Бетаран тяжело повис у нее на руках. Чудо, что он не свалился с седла раньше. Усадив его, Тагрия осторожно размотала повязку.
Рана больше не кровоточила. Теперь ее закрывало что-то похожее на темную корочку. Кожа вокруг покраснела и была горячей на ощупь. Тагрия огляделась, но не нашла ни подорожника, ни тысячелистника, чтобы приложить их. Наверняка сгодилась бы какая-нибудь из растущих здесь трав, но если бы знать, какая!

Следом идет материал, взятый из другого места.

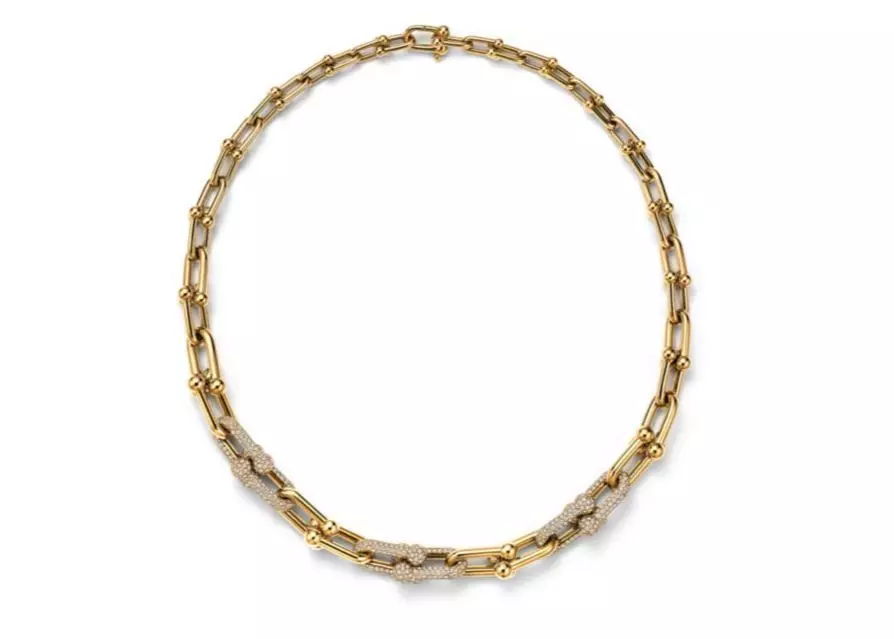 Description & DetailsTiffany HardWear is inspired by the attitude and energy of New York City. This bold 18k gold necklace features the collection’s signature gauge links in graduating proportions. Alternating links are carefully set with round brilliant diamonds in a honeycomb pattern to achieve maximum shine. With its striking interplay of textures, this design can’t help but turn heads.
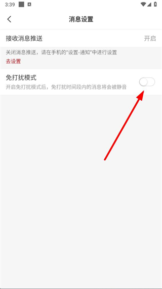 4、在消息設(shè)置頁面點(diǎn)擊免打擾模式開關(guān),即可開啟免打擾模式。
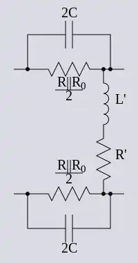 which is precisely the same as a bridged T section with series element Z. The series half-section is thus a series impedance of 2Z. By corresponding reasoning, the shunt half-section is a shunt impedance of 1⁄2Z' (or twice the admittance).

Промыла рану водой из фляги. Корочка намокла и отошла, из-под нее вытекла светлая жидкость. Остатки юбки пошли на новую повязку, старую же Тагрия прибрала – выстирать и использовать снова.
На дне сумки отыскались сухие остатки хлеба и надоевший уже сыр. Тагрия почти силой накормила Бетарана, сама с трудом проглотила пару кусков.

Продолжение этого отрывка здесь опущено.